An indulged only child, Paula Karst cannot settle to any course of study until she discovers “trompe l’œil”, the visual art used to trick the eye into perceiving a painting as a three-dimensional object. She is captivated by the hallway of the Institute where she is to study (based on a real college in Brussels): the marble pillars, wooden panels, a sparrow in the foliage of the tree outside the window – all turn out to be on flat, painted surfaces.
This is an unusual, ambitious and daring novel in that it has no plot, focusing instead on Paula’s development as an artist, the details of the materials and techniques she learns to use, her various commissions and the locations where she is employed. Commencing with painting neighbour’s nursery ceiling to resemble the sky, a project her worried parents may have negotiated for her, she progresses to working eventually on “Lascaux 4”, which has combined advanced technology and the skill of artists to produce the latest replica of the famous caves so damaged by the passage of tourists and exposure to the air that it has been necessary to close them to the public.
The written style is hard work with few paragraphs and sentences which may run over more than a page of stream of consciousness, leaping frenetically between loosely linked images, present and past, merging descriptions and internal thoughts with dialogue. This approach may be quite creative in its impressionistic effect, although I was struck afterwards that it is at odds with the discipline of learning how to copy precisely patterns and colours of particular types of marble or wood, which is what Paula’s first contracts tend to involve.

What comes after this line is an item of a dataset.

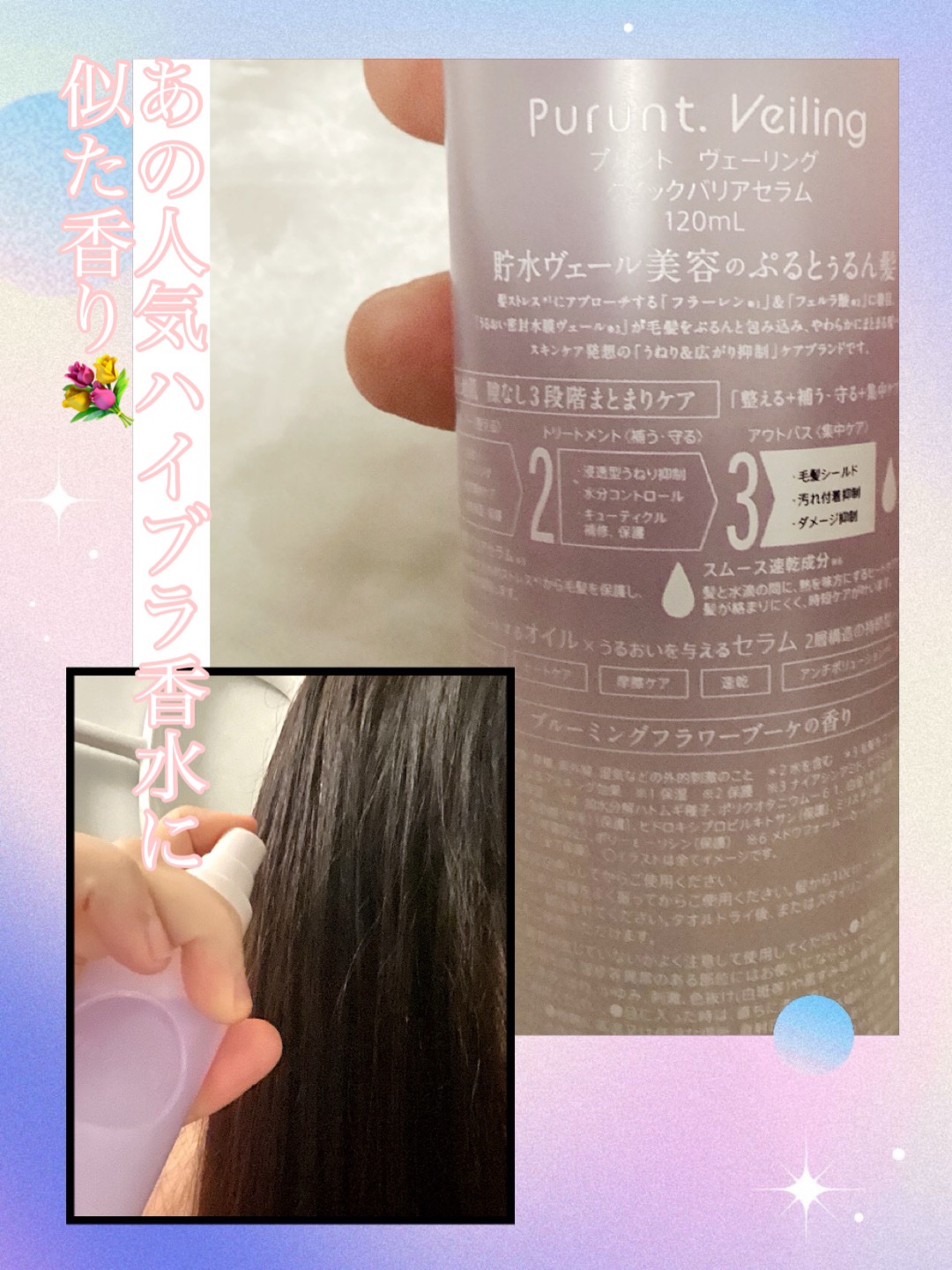 軽くしっかりした栄養感、素早く浸透する 栄養たっぷりクリーム層&水分たっぷりパフューム層 2 in 1 ダブルケアヘアミスト 細かい噴射力でたんぱく質が素早く浸透し、たくさん振りかけてもべたつかないダブルレイヤーミスト 霧のような細かいミストがふんわり広がって静電気も防いでくれるから乾燥している今の時期にもピッタリ⚡️

I was put off by the opening chapter which catapults us into Paula’s evening out with her two former college flatmates, Kate and Jonas. They all them self-absorbed, and immature, describing their work in technical terms before one has had a chance to “tune in” to the situation. Finding the frequent lists of materials used quite tedious , and references to unfamiliar subjects meaningless, all that prevented me from giving up was the fact I had purchased the book to discuss at a French book group. It would have been much easier to read in the English version “Painting Time”, but I suspect that would lose too much in translation.
![Un monde à portée de main (French Edition) by [Maylis de Kerangal]](https://m.media-amazon.com/images/I/41qDL1oFpFL.jpg)
Eventually, I found that the key to appreciating this book is to look up the references. In the process, I learned a lot about different types of marble, and wood grains. I was also fascinated by Cinecittà, the Italian Hollywood of which I was shamefully unaware. One evening, Paula looks through a gap in the wall of a former set for “it could be any medieval north Italian town”, across a wasteland to a modern Rome suburb, with its noisy car horns and lighted windows. “Which side is the real world?”
The detailed information on the Lascaux grotto is also fascinating. It is probably a minority view, but I would have preferred the author to have applied her impressive research to a non-fiction, illustrated account of all this, using the style employed to write about Lascaux, which contrasts with the overblown excess of much of the rest.
There are some striking, moving or poignant scenes involving the characters which occasionally appear like treasure chests from a shipwreck, bobbing in a sea of verbiage. For instance, the scene where Paula’s apparently brilliant but unfriendly flatmate Jonas, takes a sudden interest in her work and helps her to understand how, to paint successfully a rock like cerfontaine (otherwise known as “fromage du cochon”!), she needs to think of it in context, how it has been formed, the lives of those who have lived in the places from which it comes. Later on, Jonas and Kate are shocked by Paula’s “unwise” choice of tortoiseshell as the subject for her “final exam” painting, unaware of her beautifully described childhood encounter with a tortoise, so strange in appearance that it seemed to her fertile imagination to have come from another ancient world. The visit of Paula’s father’s to Lascaux when it was still open, which turns out to be true, provides a rare moment of humour, via the drama in which his mischievous brother almost manages to carve some graffiti alongside the priceless prehistoric paintings. Other sections, such as Paula’s liaison with a predatory teacher “the Charlatan”, seem more like padding for the novel, which at times seems meandering and uneven.